Терра, заранее подстроивший эти обстоятельства, почувствовал потребность оправдаться.
— Я простился с Леей, — заявил он с ударением; и на молчание Мангольфа: — Полюбуемся пейзажем! — После чего оба молча стали следить из-за пелены мокрого снега, как серые льдины движутся по реке, берегом которой они ехали.
Стало темнее, раздался собачий лай.
— Мы в парке, — объяснил Мангольф, и Терра заметил, что они едут уже не по сосновой просеке, а по буковой аллее. Усыпанная сухой листвой аллея кончалась перед высоко поднятой террасой. У Терра создалось впечатление громады из блеклого камня, уходящей куда-то в сумеречную даль. Но экипаж повернул, остановился сбоку, и дом оказался совсем простым, снизу оштукатуренным, сверху бревенчатым, с гонтовой крышей, полы и лестницы вытоптанные, как в старом деревенском трактире. Наверху квадратная прихожая, три двери, а между ними, в свете висячих керосиновых ламп, старинные фамильные портреты, какие бывают в домах средней руки.
— Напротив живет Толлебен, я налево, ты направо, — пояснил Мангольф и открыл вновь прибывшему его дверь.

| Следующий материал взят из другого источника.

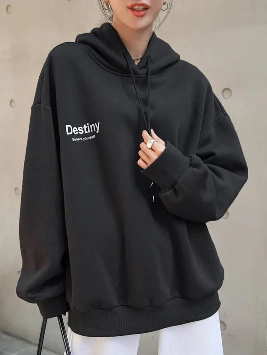 Oversized Zwarte Dames Hoodie met Capuchon en Print

В комнате он увидел разрозненную обстановку старого жилья, но на постели вышитое белье и шелковое стеганое одеяло, — все это он постарался запечатлеть в памяти. То были предметы из ее окружения, то был завоеванный им угол под ее кровлей.
Он подошел к окошку под самым коньком крыши, отдернул красную занавеску и выглянул в ночь, чтобы полностью ощутить, где он находится. Неожиданно к нему донесся нежный аромат, на подоконнике стоял гиацинт. Он испугался, потом кровь бросилась ему в голову: она побывала здесь! Ее рука держала горшок с цветком, которым она приветствовала его, именно его! Нигде, кроме его комнаты, не было от нее этого знака внимания, сердце его отгадало: этого обещания.
Он вздрогнул, — горничная явилась доложить, что через полчаса будет ужин. Поспешно переодевшись, он сошел вниз, открыл наугад какую-то дверь и очутился в гостиной, где одинокие стенные часы раскачивали маятник. Больше никаких звуков. Кажется, кто-то сидит за столом? Он на всякий случай поклонился, но то была лишь тень, — лампу из экономии прикрутили. Пока он стоял, выжидая, ему явственно послышалось какое-то перешептывание, но не у окна. Знакомый голос шептал совсем у его уха, как на исповеди. Надо послушать! Окно растворилось, едва он его коснулся; голос доносился снаружи, вероятно с террасы.
— Как у них все ладится. Плакать хочется оттого, что жизнь может быть так проста.
— То, что быстро сладилось, по-моему, вряд ли хорошо кончится, — подхватил другой. — По-моему, нужно долго следовать за случаем, пока он не приведет нас туда, где наше место.
Вздох.
— Ты, Эрвин, только провожаешь других. Где твое собственное место, тебе неважно. Ты, как Белла Кнак, примиришься с чем угодно в жизни.
— Только не с твоим несчастьем.
— Сколько у нас общего, Эрвин! В нас сидит одинаковое беспокойство, — но ты плывешь по течению, а я пробиваюсь.
— Маленькая Алиса, кто тебя так мучает, что ты плачешь?
— Никто. Не выходи из себя, тебе никому не надо мстить за сестру. В отдельности — никому. Виновата жизнь, какой я ее вижу, — обычно ее стоит лишь презирать, а нынче вечером, в виде исключения, стоит и поплакать над ней.
Пауза. Трепетно-нежный голос брата:
— Ко всему, ты вряд ли будешь способна влюбиться в подходящую партию.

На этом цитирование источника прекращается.